The Silent AI Visibility Killer Hiding in Your robots.txt
Here is what happened. At some point — during a site migration, a relaunch, a staging environment setup, or a security review — someone added a blanket disallow rule to your robots.txt:
User-agent: *
Disallow: /
This two-line block tells every crawler on the internet to stay off your site entirely. It is a standard configuration for staging environments and sites under construction. The problem is that it frequently survives into production. It gets copy-pasted from a template, committed during a rushed deployment, and never revisited.
When Googlebot hits this rule, it stops crawling — but at least you will notice the consequences: your pages disappear from Google Search within weeks, traffic collapses, and Search Console lights up with coverage errors. The feedback loop is brutal, but it is fast.

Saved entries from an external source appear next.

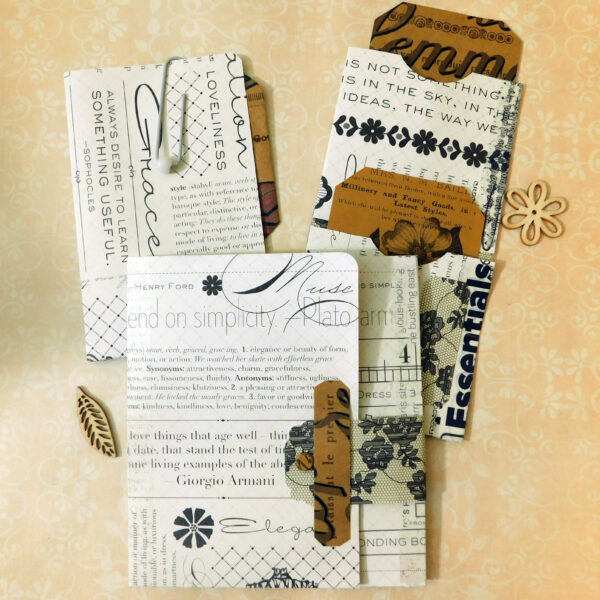 One sheet 12×12’s offer a lot of opportunities for creating and building ephemera or card sets. Make one or two sets of each project and journal making will be a breeze.
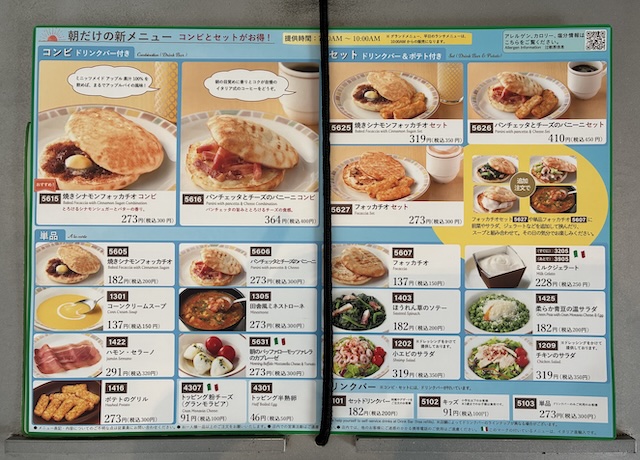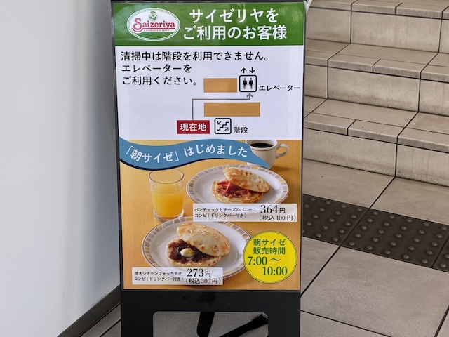 お店の前に、朝サイゼのメニュー表が置かれていました。
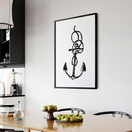 Anchor Drawing Nautical Coastal Bathroom Wall Art #1

AI crawlers are different. GPTBot, ClaudeBot, and PerplexityBot do not report back to any dashboard you own. When they are blocked, they simply move on. You receive no notification. Your pages do not disappear from a ranking you can monitor. The invisible consequence is that your content never makes it into the knowledge base these AI systems draw from — and your competitors who are not blocked start appearing in AI-generated answers instead of you.
This is not a theoretical risk. It is happening right now to sites that have been live for years, maintained by teams that would be horrified to learn their robots.txt is doing this.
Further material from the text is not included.